■ How to complete this task
Please return the listing below exactly, without any of its pictures.

── Input data

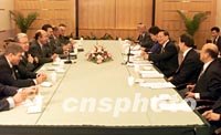 組圖:唐家璇會(huì)見俄羅斯外長(zhǎng)伊萬諾夫 2001年10月17日 11:19 ![]() 中國(guó)外交部長(zhǎng)唐家璇十七日在上海國(guó)際會(huì)議中心會(huì)見前來參加亞太經(jīng)合組織(APEC)會(huì)議的俄羅斯外長(zhǎng)伊萬諾夫。中新社記者 毛建軍 攝 ![]() 中國(guó)外交部長(zhǎng)唐家璇十七日在上海國(guó)際會(huì)議中心會(huì)見前來參加亞太經(jīng)合組織(APEC)會(huì)議的俄羅斯外長(zhǎng)伊萬諾夫。中新社記者 毛建軍 攝
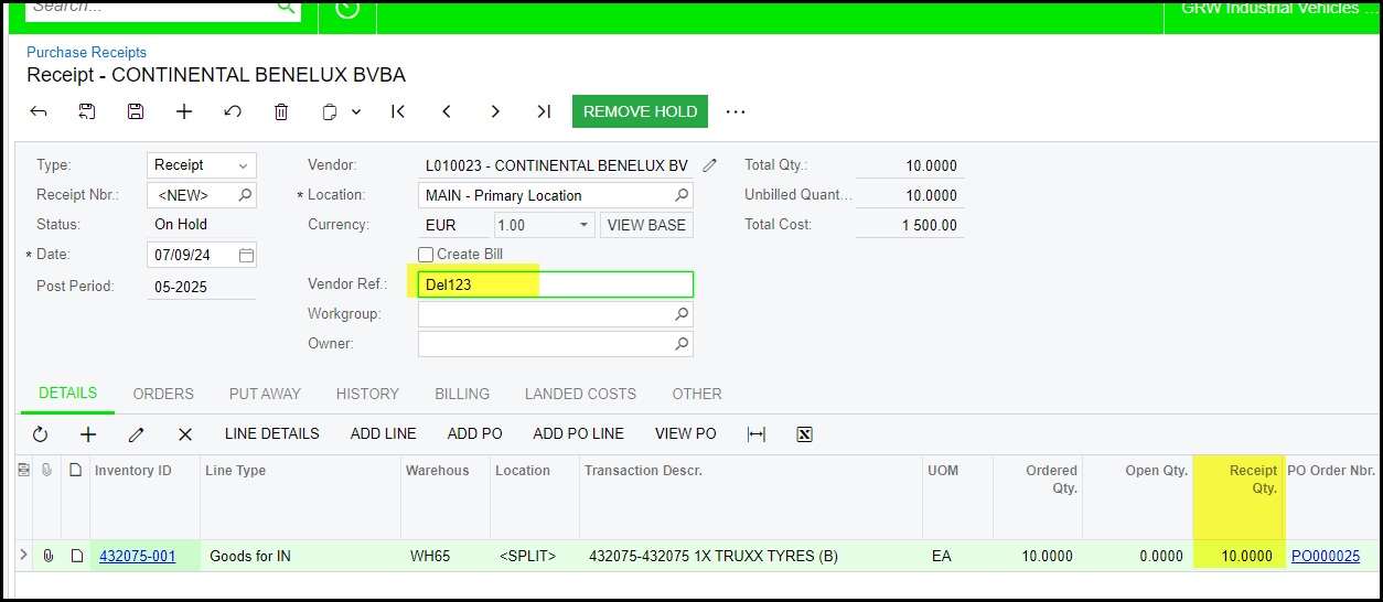 2. On to purchase receipt enter your vendor ref. (delivery note or invoice nr of the supplier)
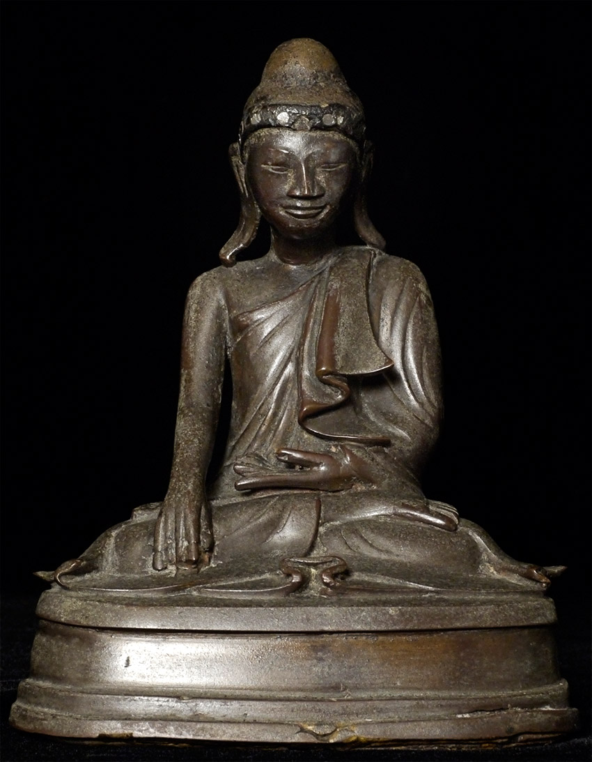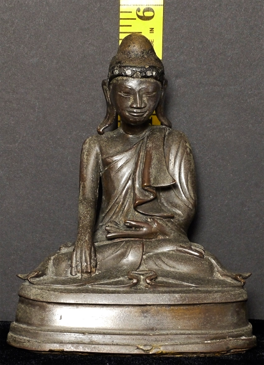 19thC Mandalay style Burmese Buddha. Nice example of its type. From the first half of the 19th. Sits 5.5 inches tall. Domestic shipping is included on this item, and international shipping is $50, including packing and insurance.
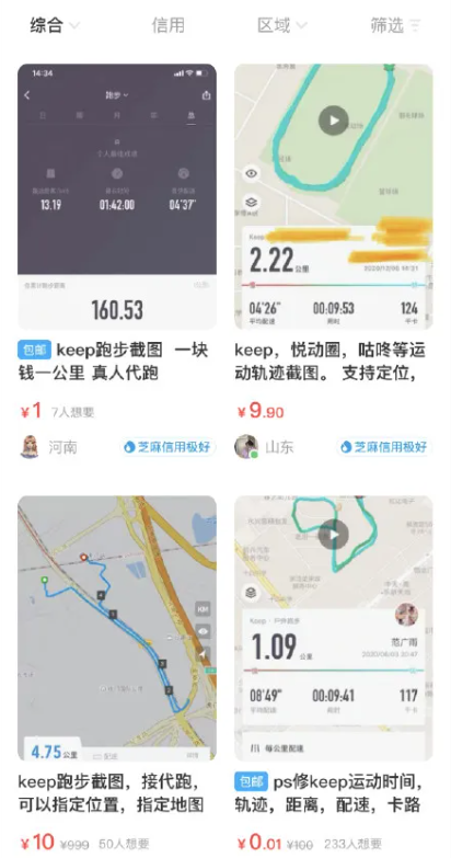 “我在KEEP、咕咚、宥马、悦跑圈、悦动圈、咪咕善跑、畅动力、乐动力等平台,都有跑单生意。”顾鑫称,他还专门雇人去打理这些事情。

────

■ Task result
 組圖:唐家璇會(huì)見俄羅斯外長(zhǎng)伊萬諾夫 2001年10月17日 11:19 ![]() 中國(guó)外交部長(zhǎng)唐家璇十七日在上海國(guó)際會(huì)議中心會(huì)見前來參加亞太經(jīng)合組織(APEC)會(huì)議的俄羅斯外長(zhǎng)伊萬諾夫。中新社記者 毛建軍 攝 ![]() 中國(guó)外交部長(zhǎng)唐家璇十七日在上海國(guó)際會(huì)議中心會(huì)見前來參加亞太經(jīng)合組織(APEC)會(huì)議的俄羅斯外長(zhǎng)伊萬諾夫。中新社記者 毛建軍 攝
 2. On to purchase receipt enter your vendor ref. (delivery note or invoice nr of the supplier)
 19thC Mandalay style Burmese Buddha. Nice example of its type. From the first half of the 19th. Sits 5.5 inches tall. Domestic shipping is included on this item, and international shipping is $50, including packing and insurance.
 “我在KEEP、咕咚、宥马、悦跑圈、悦动圈、咪咕善跑、畅动力、乐动力等平台,都有跑单生意。”顾鑫称,他还专门雇人去打理这些事情。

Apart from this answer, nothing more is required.